Говорили много. Я ловил обрывки тех разговоров, где хоть как-то касались волхвования, врачевания и хворей, но больше приходилось слушать о попойках, неверных жёнах, ленивых детях, не несущихся курах, страстных полюбовницах и растущих ценах на торгах. Обычные разговоры обычных людей. Скучные до тошноты. Я слушал их, ленивых отожравшихся крестьян, не видевших в жизни ни беды, ни настоящей нужды, и у меня зудела задница от их невежественных, мелочных проблем. Сразу ясно: не доходила Морь до дома того мужика, который пожелал болезни неверной жёнушке, не сгорал весь двор вместе со скотиной у юнца, верящего в обереги из Коростельца, не плакали от голода дети молодца, так громко возмущавшегося тем, что покупатели просят его сбавить цены на хлеб…

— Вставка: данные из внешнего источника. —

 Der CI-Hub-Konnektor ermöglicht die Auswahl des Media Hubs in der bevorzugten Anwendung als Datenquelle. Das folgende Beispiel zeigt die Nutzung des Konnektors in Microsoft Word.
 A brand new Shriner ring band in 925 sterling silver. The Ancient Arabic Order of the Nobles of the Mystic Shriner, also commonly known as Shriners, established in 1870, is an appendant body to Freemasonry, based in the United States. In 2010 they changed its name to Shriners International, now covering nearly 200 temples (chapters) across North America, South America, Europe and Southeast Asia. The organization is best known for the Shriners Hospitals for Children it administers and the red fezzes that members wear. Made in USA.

Я не любил людей. Но и не ненавидел. Иногда проникался к некоторым симпатией, но в целом простые селяне виделись мне кем-то вроде курей, постоянно сытых и никогда не покидающих родного курятника со двором. Копающихся в земле, клюющих зерно, вытягивающих из почвы червей и убеждённых в том, что небо над головой всегда останется синим, а хозяин не забудет подлить водицы в поилку.
Юнцы за соседним столом вели себя на удивление тихо. Робели, впервые придя в трактир? Не знаю. По-моему, мальчишкам в их возрасте полагалось шуметь, спорить, хохмить, кричать и звонко хлопать друг друга по плечам, ведь играет же горячая молодая кровь, бурлит в венах и бьёт в головы, затуманенные хмельным. Но, наверное, они не просто так хранили молчание, изредка перекидываясь напряжёнными репликами. Было между ними что-то тяжкое, звенящее в воздухе, невысказанное, и в другой день я бы непременно расспросил у них, что да как, но сейчас было не до того.

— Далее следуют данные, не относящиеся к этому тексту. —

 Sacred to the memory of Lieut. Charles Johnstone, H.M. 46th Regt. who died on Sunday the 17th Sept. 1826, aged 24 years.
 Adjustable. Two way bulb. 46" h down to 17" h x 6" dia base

Дверь открылась, с улицы дохнуло прохладой, и никто бы не заметил очередного посетителя, если б не его потёртые гусли на видавших виды ремешках. Музыкант молча прошествовал к углу со скамьёй, сел и без прелюдий начал играть. Он был укутан в зеленоватый плащ и даже не снял капюшона, таился от кого-то, как и я сам, но все лица мигом повернулись к нему, затихли полупьяные разговоры о крестьянской суете, не стучали ложки по тарелкам, и даже прихлюпывания, с которыми посетители трактира втягивали в себя пенное, стали звучать гораздо реже.

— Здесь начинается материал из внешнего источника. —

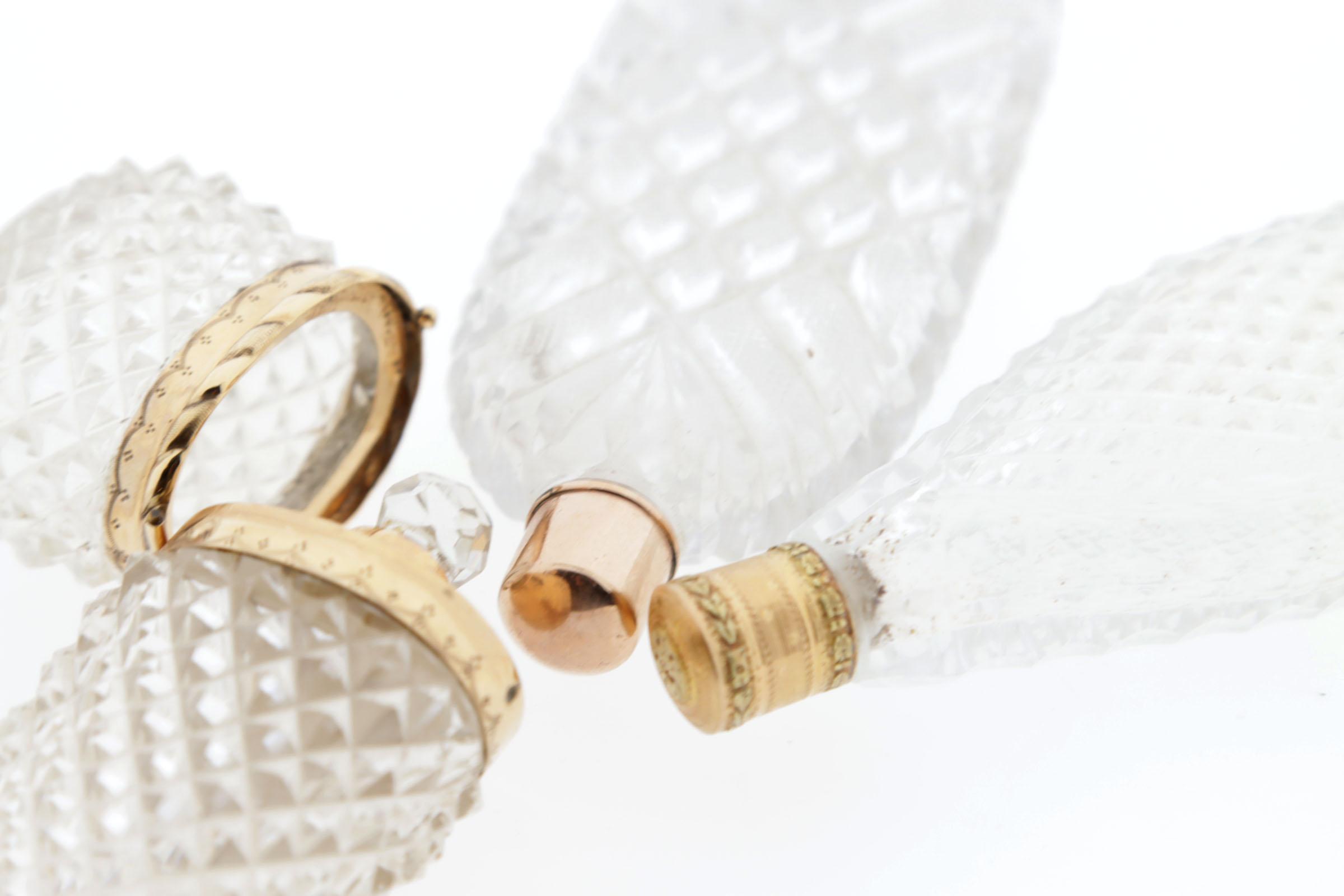 3 geslepen kristallen flessen,waaronder: 1 Georgean fles, gouden dop, hoogte 10 cm, 1 elypsvormige fles, rondom geslepen, tweekleurige gouden schroefdop met bladmotieven, Frans, 1800, hoogte 11 cm, 1 staande flacon, rondom geslepen, gouden montuur en kristallen binnendop, Nederlands goudkeurmerk, hoogte 9,4 cm

Что может сыграть человек с инструментом, забредший в трактир? Вариантов немного. Что-то разухабистое, весёлое, всем знакомое вроде «Курочки пестропёрой», а может, и наоборот, нагоняющее тоску, слезливое и тяжёлое, как «Ой, далёк мой дом»… Но я ошибся. Человек занёс руку, будто размышляя, выбирая мелодию из своих кладовых, а потом опустил пальцы на струны, и музыка ворвалась в трактир, но не весёлая и не тоскливая, а какая-то другая, не наша, не знакомая. Может, он научился этой мелодии в Царстве: там любили всё слаженное и чёткое, скучное по сути, лишённое души и света, зато построенное по каким-то законам, выдуманным учёными мужами.